One day in about 5th or 6th grade, Suzanne came to me sadly and told me she was no longer allowed to play with me. It seemed her mother was having a bit of Protestant zeal and had decided that my nominal Catholic home was a threat. Suzanne would not be allowed to play with any Catholics. I assured her we had no real religion but she said her mom’s mind was made up and her younger sisters would be watching to be sure that we no longer talked after today.

I was crushed. I could hardly believe what was happening but my hope was that her mom would soon “forget” and we could resume being best friends. But the sadness I felt was nothing compared to what was coming.
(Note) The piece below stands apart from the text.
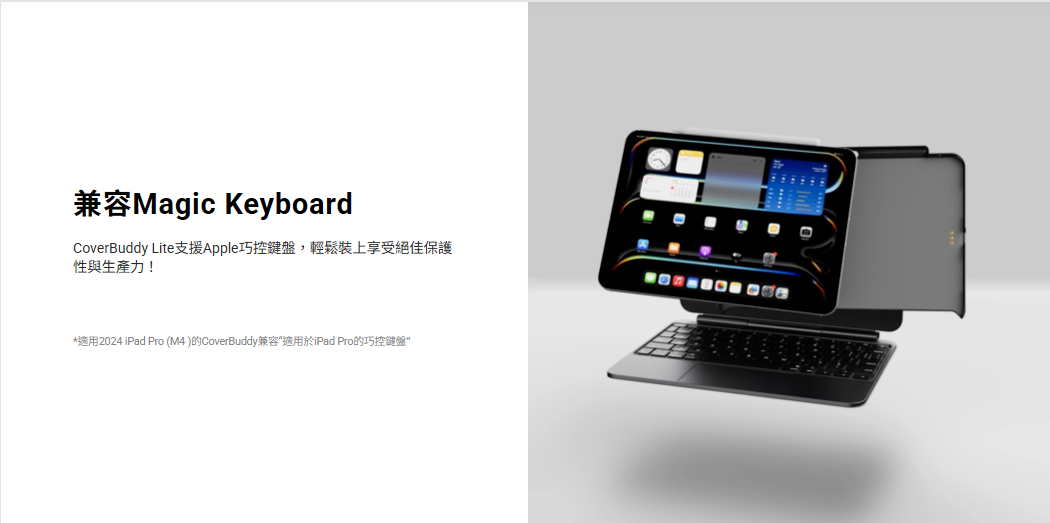 *適用2024 iPad Pro [M4]的CoverBuddy Lite 支援“適用於iPad Pro的巧控鍵盤”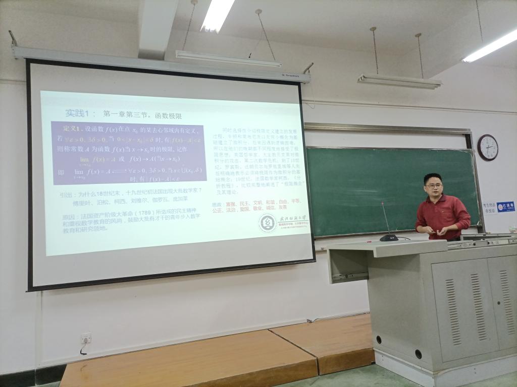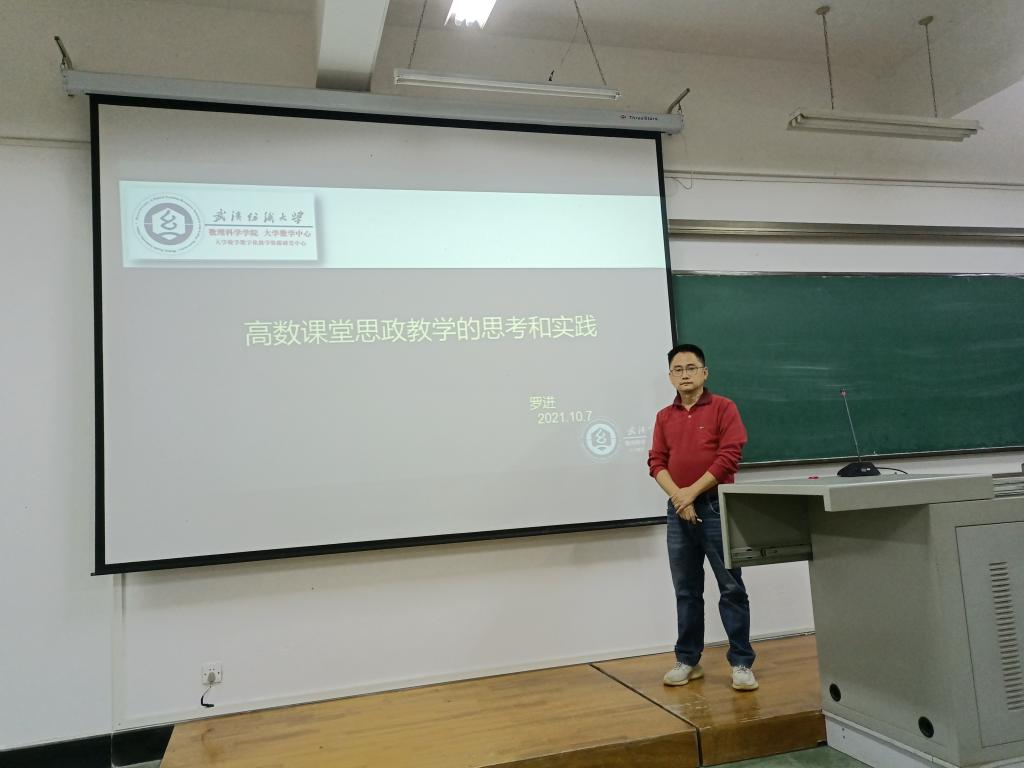 罗进老师的报告题目为“高等数学课堂思政教学的思考和实践”。该报告介绍了函数极限及无穷小比较章节的思政内容,从极限的发展史引申到社会主义核心价值观的宣讲,从无穷小的比较到员工树立正确人生观、世界观、价值观的方法途径。

Suzanne not only stopped talking to me but in a fairly short amount of time she joined a small group of girls and started taunting me- calling me names. I was so hurt and shocked. How could a person be a close friend one week and an enemy the next? Our relationship was never the same- even after Suzanne’s mom “forgot” about the ban on Catholics.

I do think it can be very hard at times but I believe there is much value in loyalty. I am afraid we have become a culture that pursues immediate personal happiness and comfort at the expense of relational depth. If a job doesn’t keep me happy- I get another job. If a church doesn’t feel good to me- I get another church. If my marriage is hard- I get another spouse. We readily throw up our hands and leave when things get hard- we have little to no fortitude. No willingness to suffer for the greater good.

I know I don’t like to suffer but I must say, lately, I have been harvesting some of the sweetest relational fruit that I have ever had. I have been married to a sweet gentle man for 35 years. Our anniversary is tomorrow and we are able to laugh easily, work side by side, talk deeply about heady subjects. We can endure tough times and pull together to do it. It hasn’t always been easy but the loyalty has been utterly priceless.